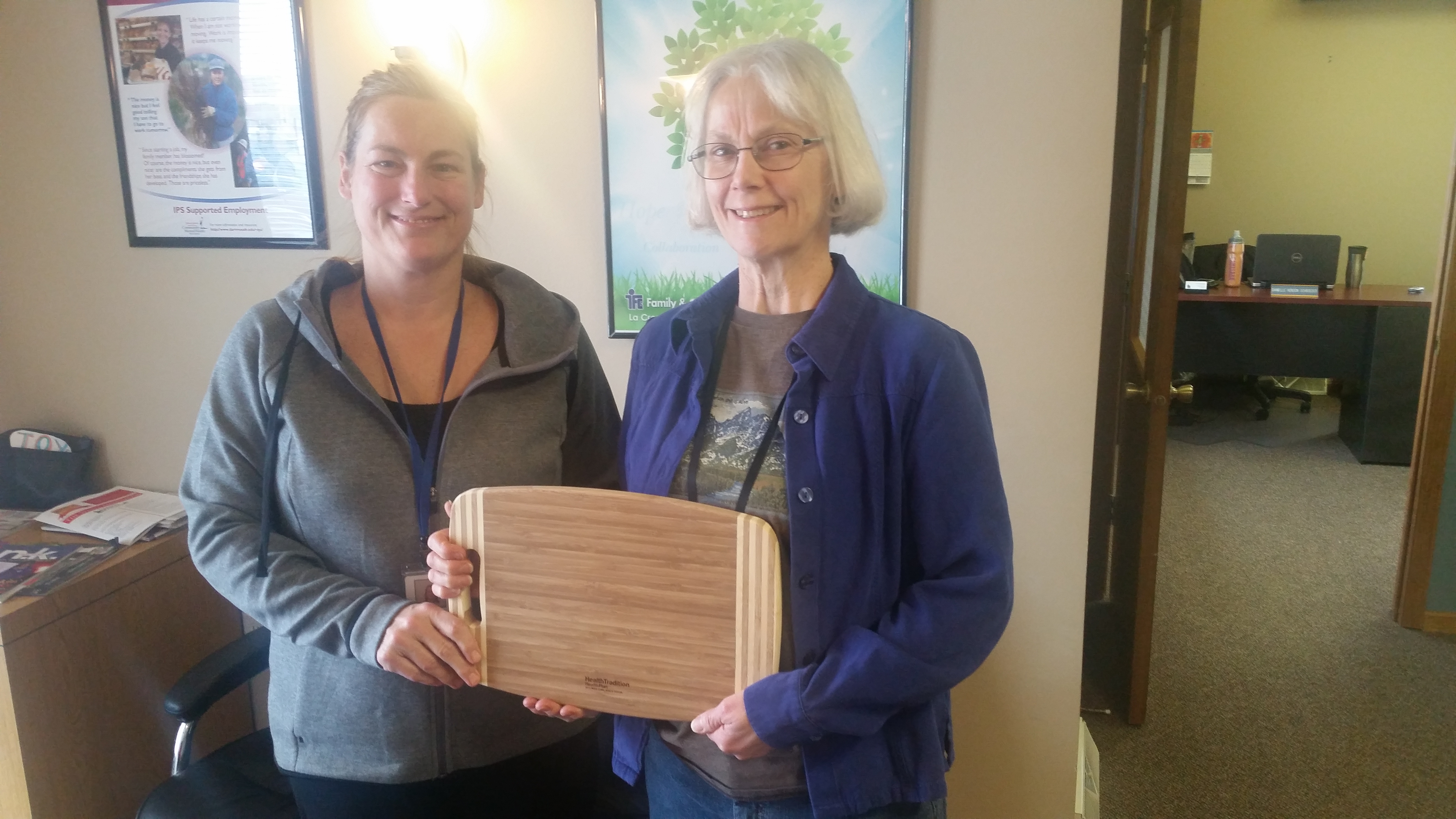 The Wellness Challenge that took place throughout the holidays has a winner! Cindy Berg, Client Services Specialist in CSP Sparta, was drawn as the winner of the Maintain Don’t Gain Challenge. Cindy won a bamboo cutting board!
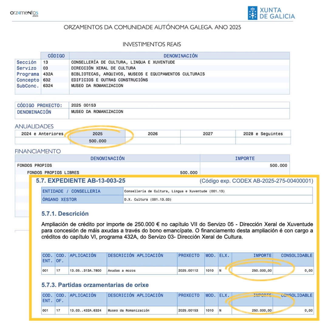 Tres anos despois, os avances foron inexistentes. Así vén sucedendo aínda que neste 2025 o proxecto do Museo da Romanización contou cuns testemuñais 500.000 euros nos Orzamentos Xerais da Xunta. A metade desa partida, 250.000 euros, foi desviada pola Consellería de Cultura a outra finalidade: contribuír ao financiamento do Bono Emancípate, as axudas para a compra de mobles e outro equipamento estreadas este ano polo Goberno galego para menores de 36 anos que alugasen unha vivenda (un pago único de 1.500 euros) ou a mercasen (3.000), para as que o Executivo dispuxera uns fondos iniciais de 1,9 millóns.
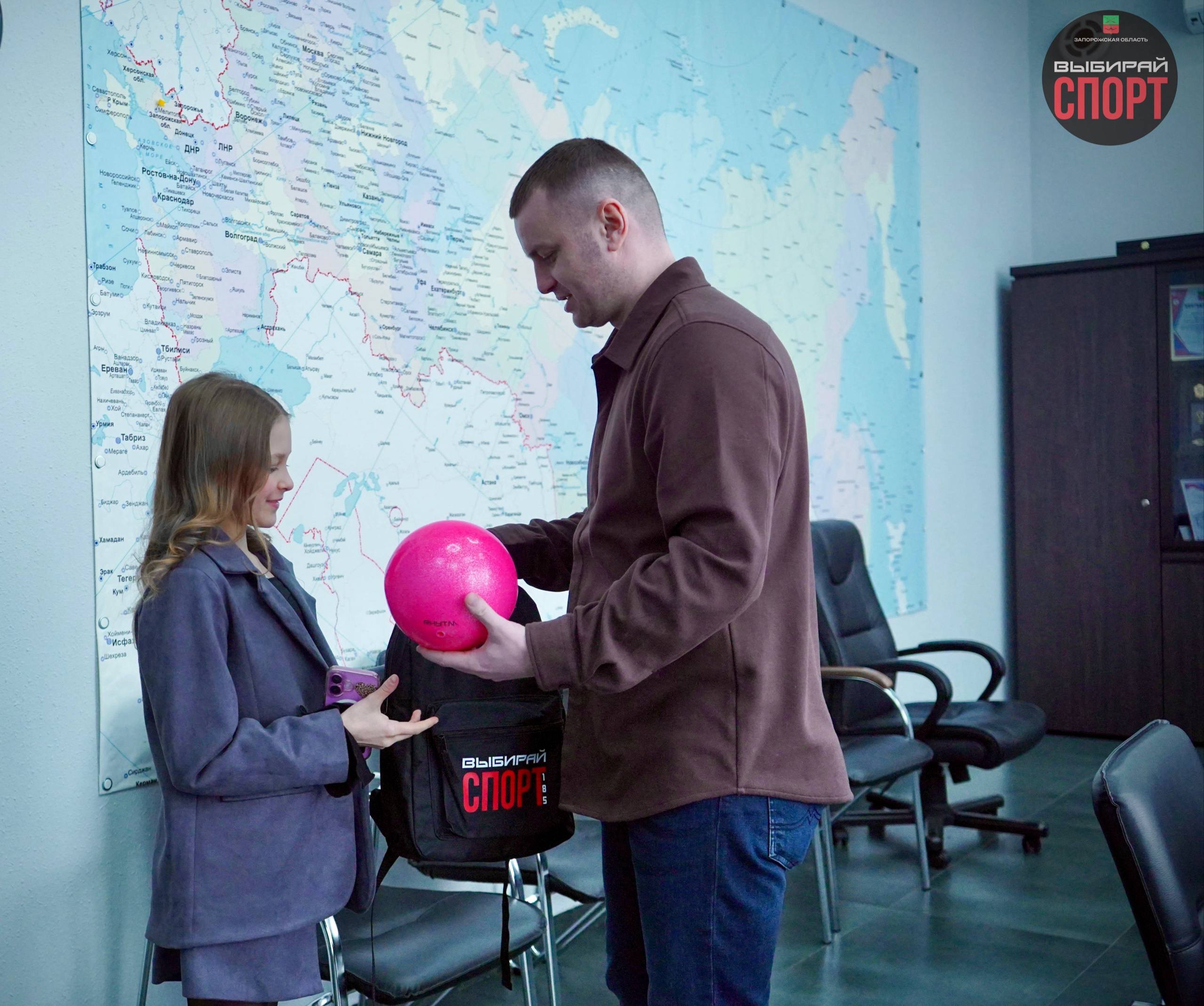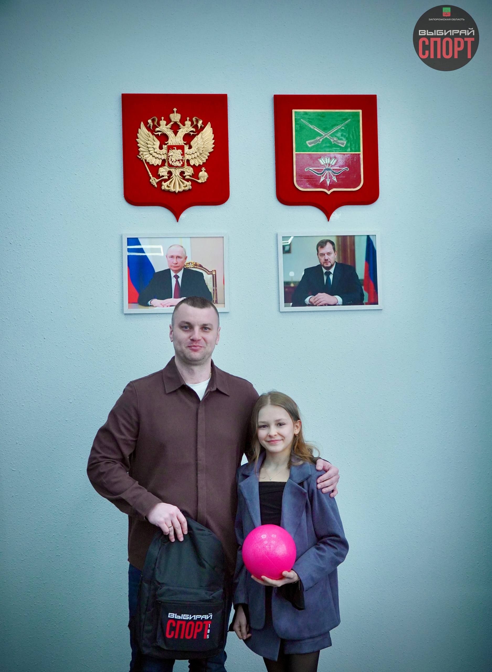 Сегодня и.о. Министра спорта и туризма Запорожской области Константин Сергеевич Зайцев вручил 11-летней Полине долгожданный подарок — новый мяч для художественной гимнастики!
┄┄┄┄┄┄┄┄┄┄┄┄┄┄┄┄┄┄┄┄
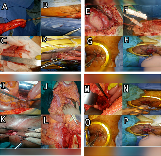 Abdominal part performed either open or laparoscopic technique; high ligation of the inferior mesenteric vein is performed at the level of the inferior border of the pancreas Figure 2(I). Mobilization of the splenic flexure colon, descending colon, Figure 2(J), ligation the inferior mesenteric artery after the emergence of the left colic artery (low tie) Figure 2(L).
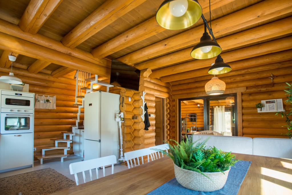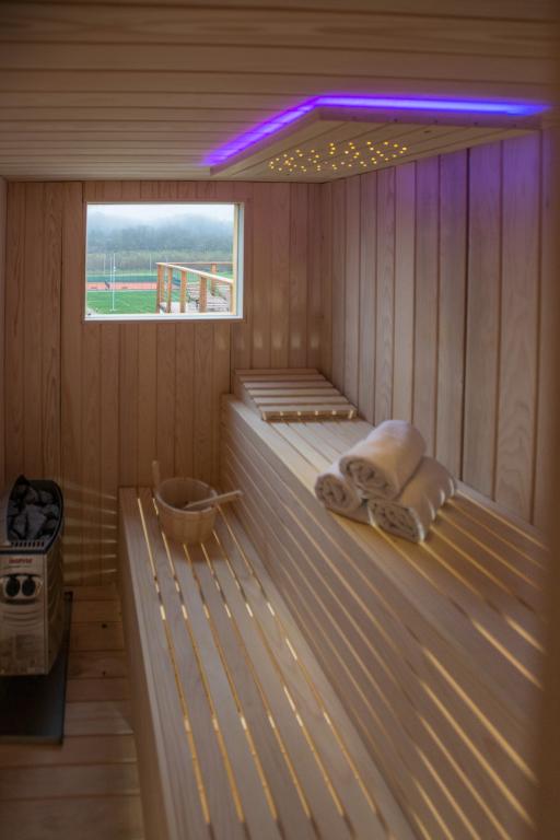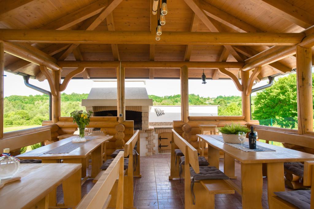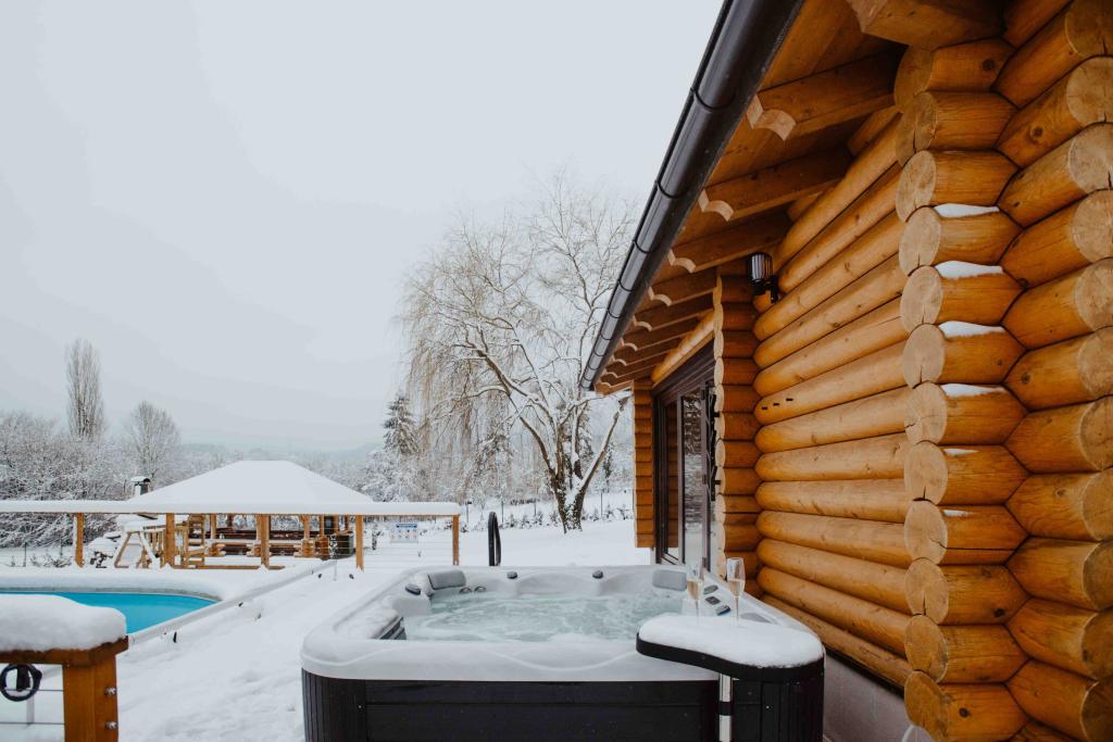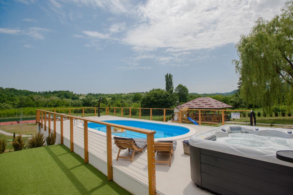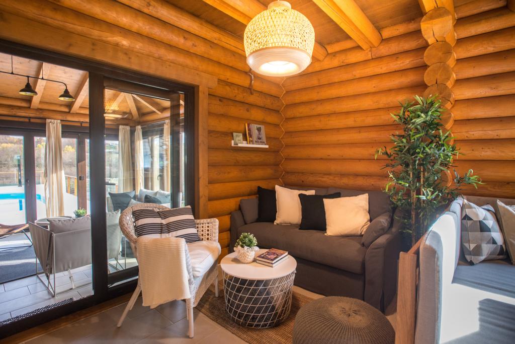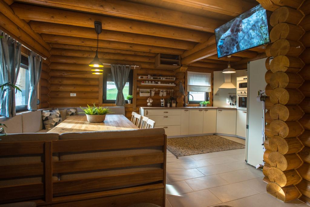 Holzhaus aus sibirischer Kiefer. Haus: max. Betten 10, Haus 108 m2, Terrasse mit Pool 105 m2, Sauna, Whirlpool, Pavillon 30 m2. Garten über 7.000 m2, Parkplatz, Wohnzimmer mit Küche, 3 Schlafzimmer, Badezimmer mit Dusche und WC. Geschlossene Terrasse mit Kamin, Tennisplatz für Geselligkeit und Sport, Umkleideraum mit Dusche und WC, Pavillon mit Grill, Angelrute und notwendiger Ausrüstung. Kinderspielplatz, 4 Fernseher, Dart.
┄┄┄┄┄┄┄┄┄┄┄┄┄┄┄┄┄┄┄┄
Your answer must be the lines above from the one holding "The Wellness Challenge" up to and including the one holding "Сегодня и.о. Министра", exact and with no pictures.

 The Wellness Challenge that took place throughout the holidays has a winner! Cindy Berg, Client Services Specialist in CSP Sparta, was drawn as the winner of the Maintain Don’t Gain Challenge. Cindy won a bamboo cutting board!
 Tres anos despois, os avances foron inexistentes. Así vén sucedendo aínda que neste 2025 o proxecto do Museo da Romanización contou cuns testemuñais 500.000 euros nos Orzamentos Xerais da Xunta. A metade desa partida, 250.000 euros, foi desviada pola Consellería de Cultura a outra finalidade: contribuír ao financiamento do Bono Emancípate, as axudas para a compra de mobles e outro equipamento estreadas este ano polo Goberno galego para menores de 36 anos que alugasen unha vivenda (un pago único de 1.500 euros) ou a mercasen (3.000), para as que o Executivo dispuxera uns fondos iniciais de 1,9 millóns.
 Сегодня и.о. Министра спорта и туризма Запорожской области Константин Сергеевич Зайцев вручил 11-летней Полине долгожданный подарок — новый мяч для художественной гимнастики!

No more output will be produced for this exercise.